The Extremes of October

The middle of October for the KSO brings repertoire that highlights the extremes in scope of musical performance.  Opening tomorrow, (October 9th at 8:00; Sunday, October 11th at 2:30, Tennessee Theatre) the Knoxville Opera Company's first production of the year will be Arrigo Boito's crowning achievement, Mefistofele.  Unless you are an opera aficionado, you've probably never heard of Boito.  His musical output amounts to this opera, another opera entitled Nerone which, in spite of 38 years of work, remained unfinished, and an unpublished symphony in A minor.  This meager oeuvre is augmented by his valuable contributions as a librettist, having written libretti for Ponchielli's La gioconda (under the anagrammatic pseudonym “Tobia Gorrio”), and Verdi's Simon Boccanegra, Otello, and Falstaff.  Boito's collaboration with Verdi led to a very close friendship between the two; Boito was at Verdi's bedside when he died.  Mefistofele is, of course, based on Goethe's Faust, and out of the many operas to be derived from that work, Boito's is considered to be the most faithful to the spirit of the play.

Such dramatic subject matter deserves a sumptuous production.  While the pit is usually the orchestra's domain, scenery will be rising therefrom instead, and the orchestra will be onstage behind a scrim.  The orchestra is not confined solely to the stage, though; brass will be stationed backstage and even in the balcony.  Highlights often excerpted from Mefistofele are the Prologue, the Epilogue, and two tenor arias.  Although the KOC website states correctly that the opera was premiered in 1868, the premiere was considered a failure, owing to dislike of its avant-garde (for its time) musical style, its sprawling length, and the cast's inability to bring off the many complexities of the score.  Revisions over the next dozen years slimmed down the production by one third, and largely due to Wagner's success, the opera-going public had grown to tolerate Boito's quirky musical language.  The final version produced in Milan in 1881 has remained popular to this day, but note that the KOC's performance is a Tennessee premiere!  Check out this YouTube“video,” from the Victrola era, of legendary Russian bass Feodor Chaliapin singing the aria Ave Signore!

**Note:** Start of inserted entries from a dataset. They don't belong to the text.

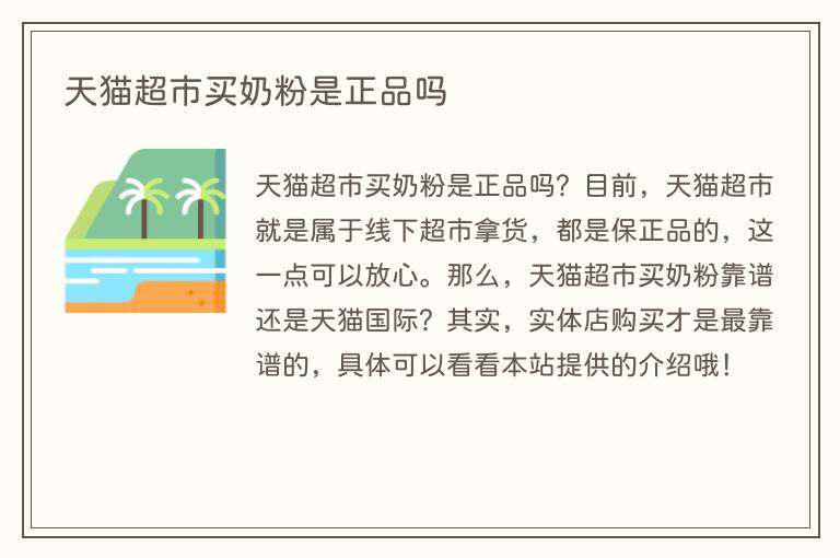 天猫超市买奶粉是正品吗?目前,天猫超市就是属于线下超市拿货,都是保正品的,这一点可以放心。那么,天猫超市买奶粉靠谱还是天猫国际?其实,实体店购买才是最靠谱的,具体可以看看本站提供的介绍哦!
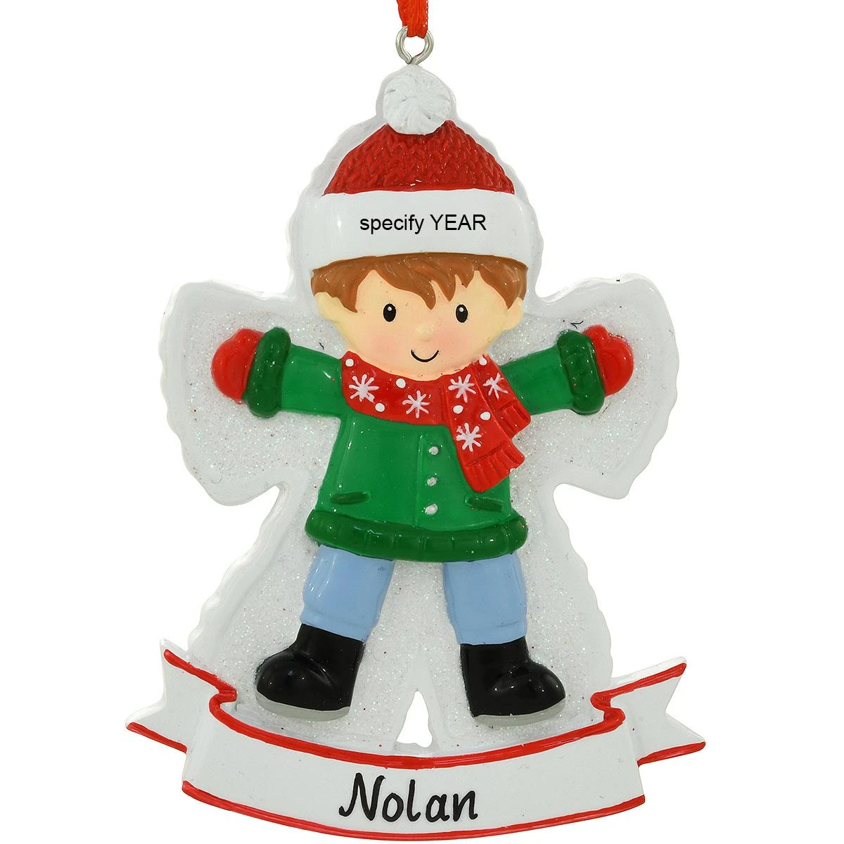 Look, mom, I’m making a snow angel! Lying face up in a fresh blanket of snow, an adorable little boy moves his arms up and down to make an angelic impression. Shimmering with glistening “snow”, our enchanting design is skillfully crafted of resin with hand-painted accents and comes ready to hang with a red ribbon. Why not allow one of our professional Bronner’s artists to add a personalized touch with a black paint pen to this adorable 3¾” tall snow angel boy ornament at no additional charge?
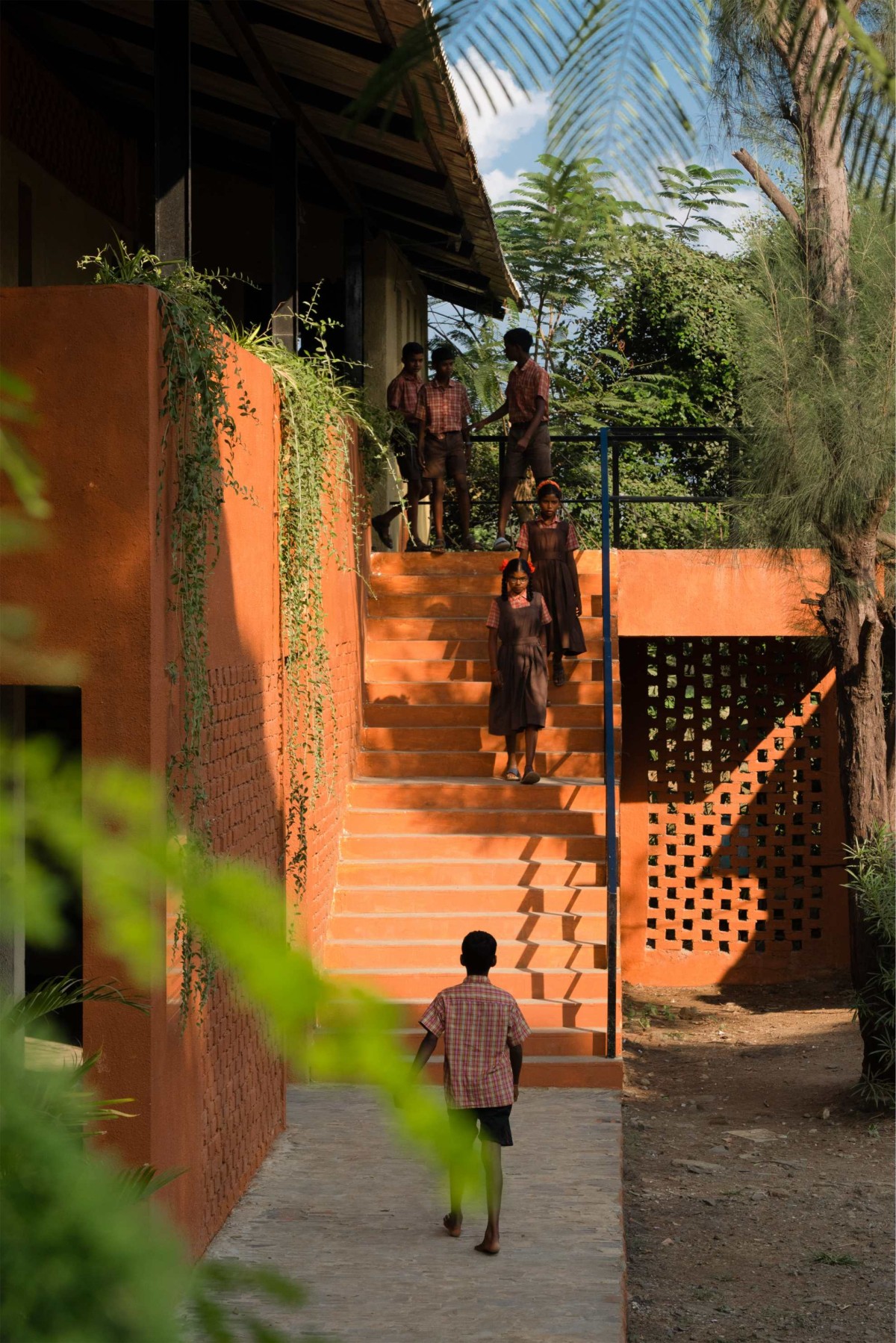External Staircase of Flood Affected School at Kelthan Village by unTAG Architecture and Interiors
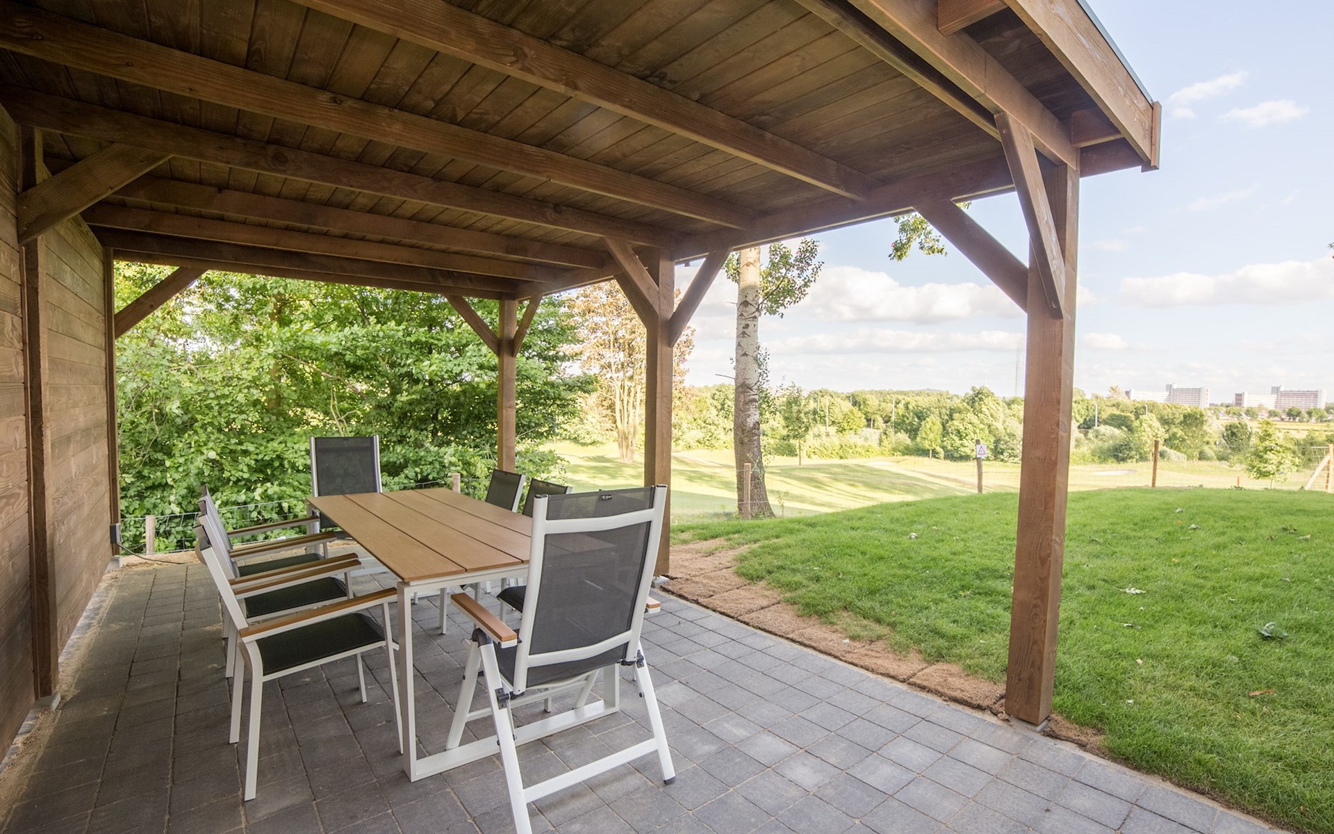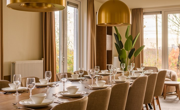 Overnacht in deze comfortabele groepsaccommodatie met vrij uitzicht over de golfbaan! De Hofstede Comfort biedt ruimte aan 14 personen, de woning heeft 7 slaapkamers, 4 badkamers en een gebruiksoppervlakte van circa 210 m2.
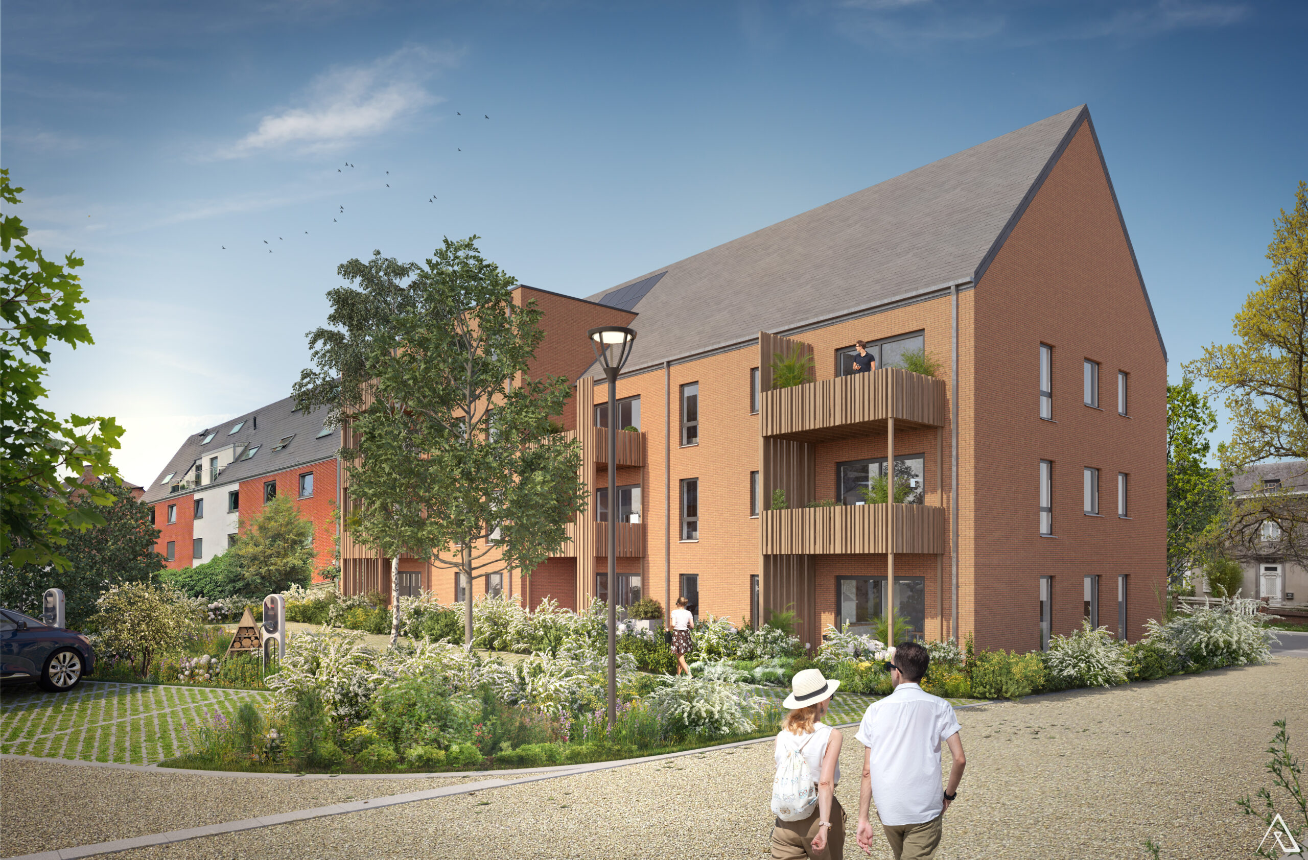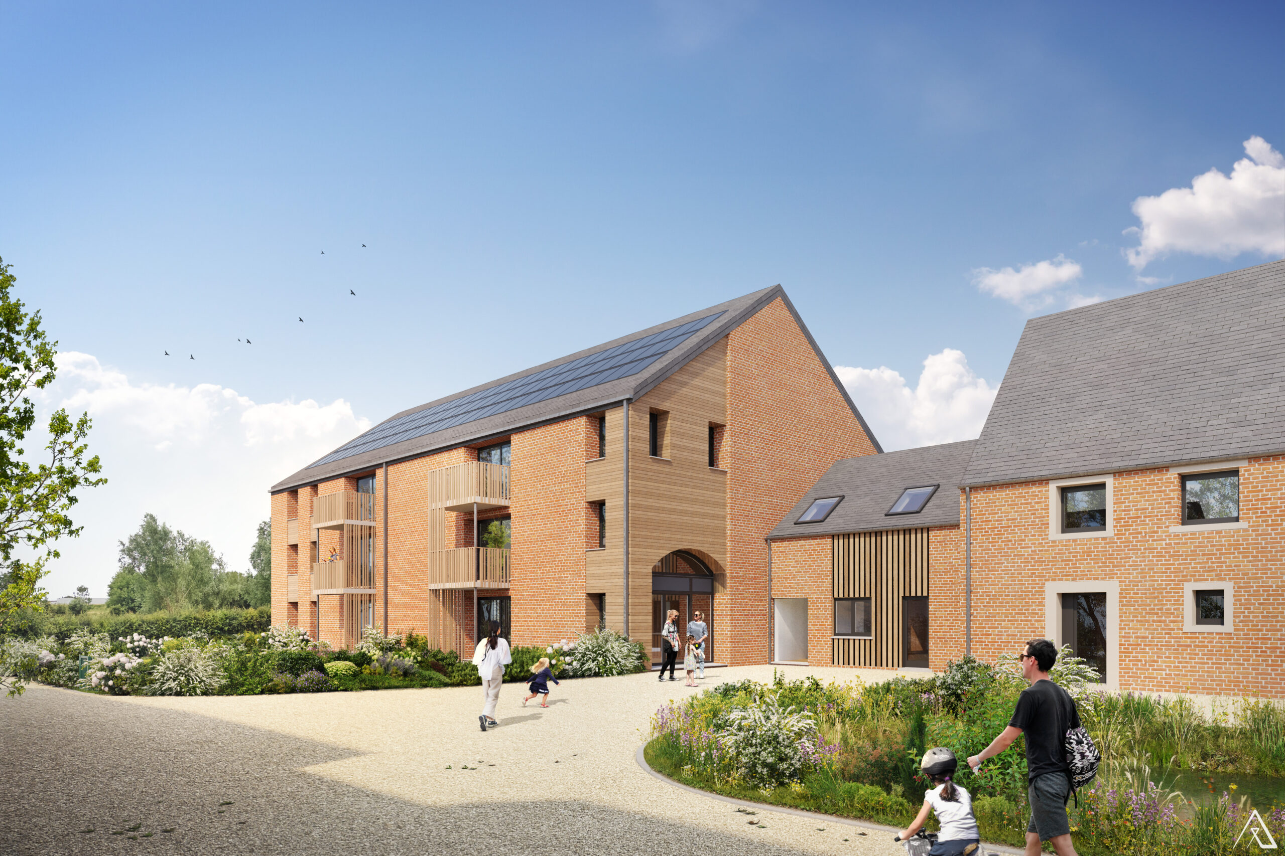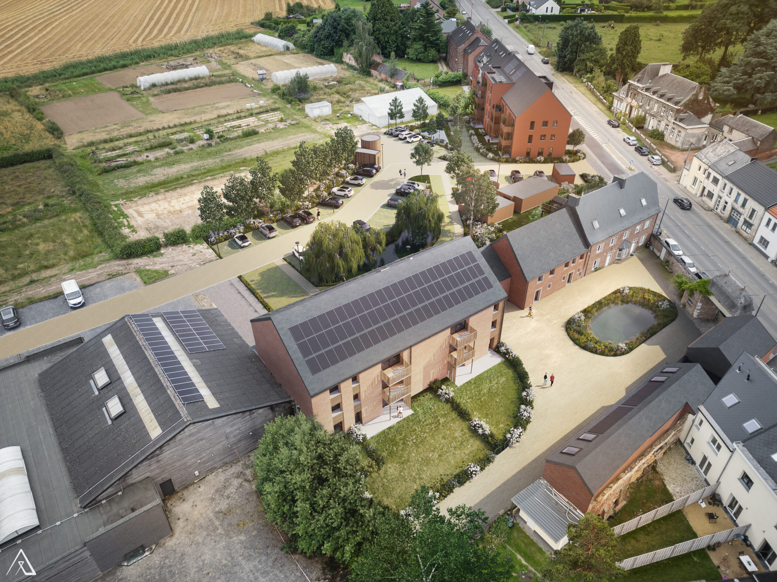 Développement d’un écoquartier comprenant 12 appartements dans une ancienne grange entièrement rénovée, 18 appartements neufs dont 12 appartements à revenus modérés ainsi que 3 logements type duplex/maison dans un ancien corps de logis rénové, et une profession libérale. L’ensemble sera intégré dans une oasis écologique comprenant de multiples essences végétales, sélectionnées par nos soins pour des raisons d’intérêt écologique, d’espaces partagés, de noues et de bassins de temporisation d’eau améliorant la biodiversité du site.
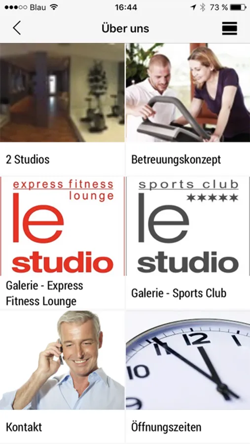 Informationen wie Öffnungszeiten, Kontaktdaten, Studiofotos und Trainingstipps sind griffbereit und können sofort per E-Mail zu Freunden geschickt werden.
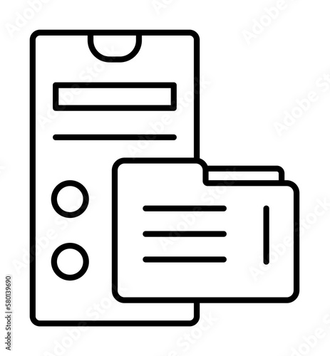 Smartphone file folder icon. Simple line, outline of phone application icons for ui and ux, website or mobile application on white background

On the other end of the spectrum of musical dimension, the Gabe Lefkowitz and Friends series will have its opener at the Knoxville Museum of Art next Wednesday and Thursday at 7:00.  This series has really blossomed in its new, more spacious home at the KMA, and while it is now easier to snare tickets for these, they are going fast.  Pianist Kevin Class and I will join Gabe for the Mendelssohn Piano Trio in D Minor.  Violin giant Fritz Kreisler's Variations on a Theme by Corelli starts the concert, and Beethoven's legendary Kreutzer Sonata closes it.  Although Leo Tolstoy's novella of the same name is morbid and somewhat ribald, (the Russian government censored the novella just days after its publication, and Theodore Roosevelt called Tolstoy a “sexual moral pervert”), Beethoven's 9th violin sonata is nothing but chamber music joy, pure and intimate.  And speaking of pure, intimate joy, here is a vintage recording, an actual video from the 40's, of Jascha Heifetz, cellist Gregor Piatigorsky, and pianist Anton Rubinstein performing the first movement of the Mendelssohn trio.

Kreutzer and Kreisler might understandably be confused for one another, so here is a little explanation.  Rodolphe Kreutzer (1766-1831, pronounced “Kroy-tser”) is one of the “Big 3” founders of the French school of violin playing.  His 42 Etudes is considered to be one of the most important violin pedagogy books ever written. (Jack Benny could often be heard playing Etude #1 in some of his comedy routines).  In spite of the dedication of the sonata to Kreutzer, he never performed it, claiming it was unplayable and incomprehensible.  Fritz Kreisler (1875-1962, pronounced like “Chrysler”) was also a giant of the violin world, although his compositional legacy is a multitude of short, tasteful encore pieces for violin.  Liebeslied (Love's Sorrow) and Liebesfreud (Love's Joy) are a matched pair of such pieces often performed together.  So remember, Kreisler may have been alive during your lifetime, but Kreutzer definitely was not.